Gov. candidate Shapiro is skeptical of RGGI. It’s unclear if AG Shapiro will do something about it.
Additionally, the office argued that it could not challenge the department’s ruling that initiative auction revenues were fees, not taxes, under state regulatory law.
Republicans were quick to criticize Shapiro, who expressed some public doubts about the initiative earlier this fall.
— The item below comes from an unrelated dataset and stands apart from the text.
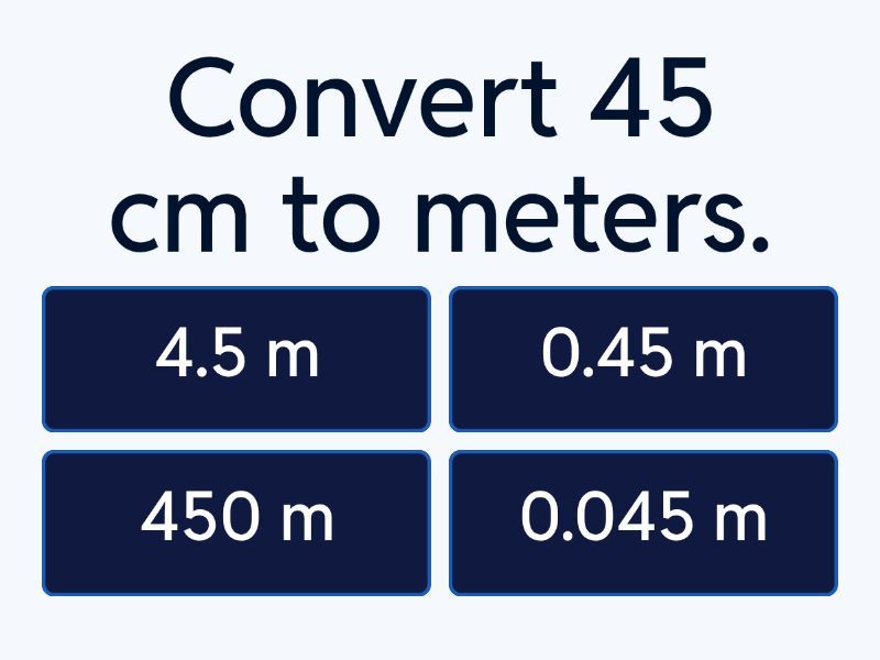 1) Convert 45 cm to meters. a) 4.5 m b) 0.45 m c) 450 m d) 0.045 m 2) How many grams are in 3 kg? a) 300 g b) 30 g c) 3000 g d) 30000 g 3) Convert 5 L to millilitres. a) 5000 ml b) 500 ml c) 50 ml d) 50000 ml 4) Convert 2000 pence to pounds. a) £2.00 b) £0.20 c) £200.00 d) £20.00 5) Convert 2.5 hours to minutes. a) 180 min b) 250 min c) 125 min d) 150 min 6) Convert 0.75 m to centimeters. a) 750 cm b) 7.5 cm c) 75 cm d) 0.075 cm 7) How many kilograms are in 4500 grams? a) 4.5 kg b) 45 kg c) 0.45 kg d) 450 kg 8) Convert 7.5 L to millilitres. a) 750 ml b) 75000 ml c) 75 ml d) 7500 ml 9) Convert 3600 pence to pounds. a) £3.60 b) £36.00 c) £360.00 d) £0.36 10) Convert 0.25 hours to minutes. a) 25 min b) 15 min c) 2.5 min d) 250 min

His potential 2022 opponents portrayed RGGI’s approval as a betrayal of both workers and energy consumers’ pocketbooks.
“By rubber stamping Governor Wolf’s short-sighted, job-killing RGGI regulation, Josh Shapiro has proven that he’s all talk and no action,” GOP gubernatorial candidate Dave White, a Delaware County tradesmen and entrepreneur with close ties to the building trades, said in a statement.
But the building trades weren’t looking for Shapiro to take action as the attorney general, Tom Melcher, business manager of the Pittsburgh Regional Building Trades Council, told the Capital-Star last month.
The group, which represents 33 different western Pennsylvania trade unions, includes some — such as the Boilermakers — who have been among RGGI’s most vocal opponents.
The council already has endorsed Shapiro’s 2022 gubernatorial run, one of a number of union endorsements he has already picked up.
That endorsement, Melcher said, was because Shapiro is “for the working man and woman;” he pointed to his recent prevailing wage lawsuit against the state’s biggest contractor as an example.
The endorsement was also not contingent on Shapiro blocking RGGI, whether suing to stop it as attorney general or pulling out of it as governor.
“We’re hoping we can defeat this now, without Shapiro doing anything,” Melcher said.